8. The manufacturing method of claim 6, wherein: forming the lower metal line, comprises forming the lower metal line by depositing a copper metal layer on the first insulation layer and filling the first trench, and planarizing the copper metal layer; forming the intermediate metal blocks comprises forming the intermediate metal blocks by depositing a copper metal layer on the second insulation layer and filling the plurality of first contact holes and the plurality of second trenches, and planarizing the copper metal layer; forming the upper metal blocks comprises forming the upper metal blocks by depositing a copper metal layer on the third insulation layer and filling the plurality of second contact holes and the common trench, and planarizing the copper metal layer.

9. The manufacturing method of claim 6, further comprising: before forming the lower metal line, forming a barrier metal on the first insulation layer filling the first trench and selectively etching barrier metal formed directly on a bottom surface of the first trench; before forming the intermediate metal blocks, forming a barrier metal on the second insulation layer, filling the plurality of first contact holes and the plurality of second trenches, selectively etching barrier metal formed directly on a bottom surface of the plurality of first contact holes and the plurality of second trenches; and before forming the upper metal block, forming a barrier metal on the third insulation layer, filling the plurality of second contact holes and the common trench, and selectively etching barrier metal formed directly on a bottom surface of the plurality of second contact holes and the common trench.

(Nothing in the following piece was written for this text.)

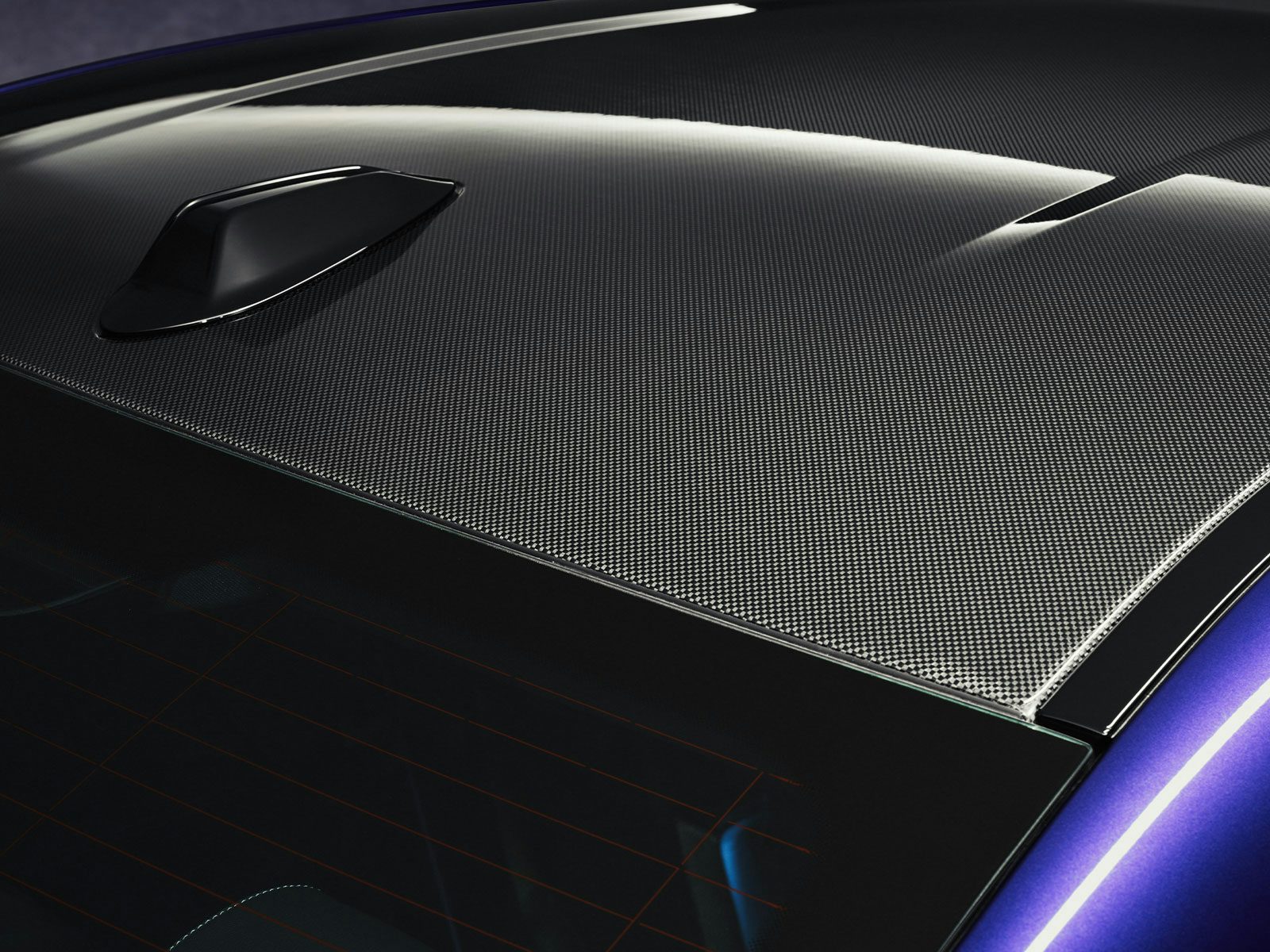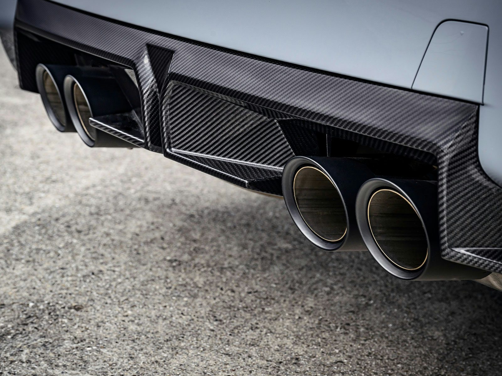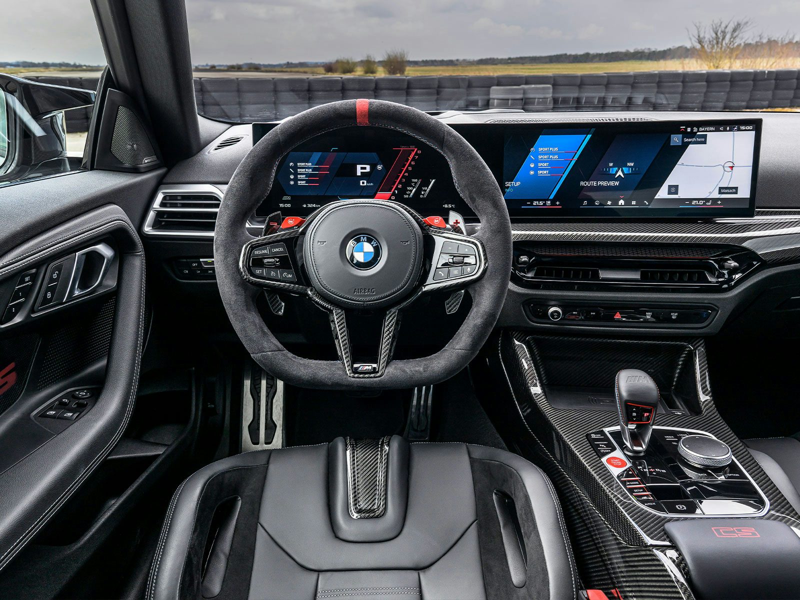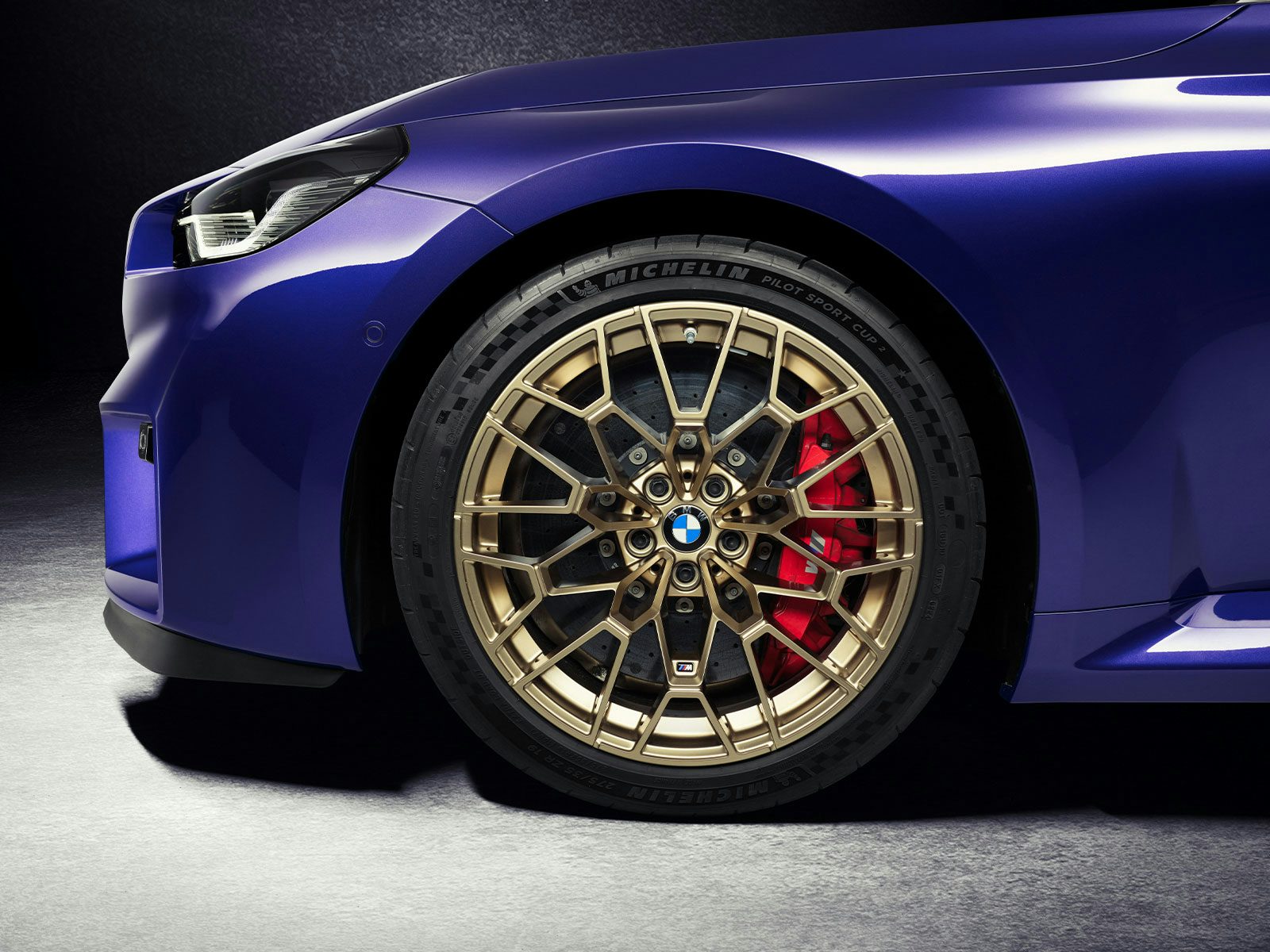 El coche incluye elementos exclusivos como un alerón trasero tipo ducktail, difusor y splitter en fibra de carbono (CFRP), y llantas forjadas M en acabado bronce mate. El coche está aligerado en 30 kg de la versión M “normal” y cuenta con detalles exclusivos, una carrocería más ancha o su spoiler trasero de “cola de pato”.

10. A semiconductor device comprising a substrate and an inductor formed above the substrate, wherein: the inductor comprises a plurality of metal plugs and metal blocks; and the inductor is formed to have a vertical spiral profile.

11. The semiconductor device of claim 10, wherein the inductor comprises a lower conductive portion, first, second, and third conductive column portions, and an upper conductive portion, and wherein the first and second conductive column portions are connected with the lower conductive portion, and the third conductive column portion is connected with one of the first and second conductive portions by the upper conductive portion at a vertical position higher than the lower conductive portion.

12. The semiconductor device of claim 11, wherein the first, second, and third conductive column portions, the lower conductive portion, and the upper conductive portion are on a same plane with respect to at least one vertical cross-sectional plane.

13. The semiconductor device of claim 11, wherein at least one of the first, second, and third conductive column portions comprises at least one metal plug and at least one horizontal metal block.

14. The semiconductor device of claim 13, wherein the at least one metal plug and the at least one horizontal metal block comprises a plurality of metal plugs and a plurality of horizontal metal blocks that are alternately arranged.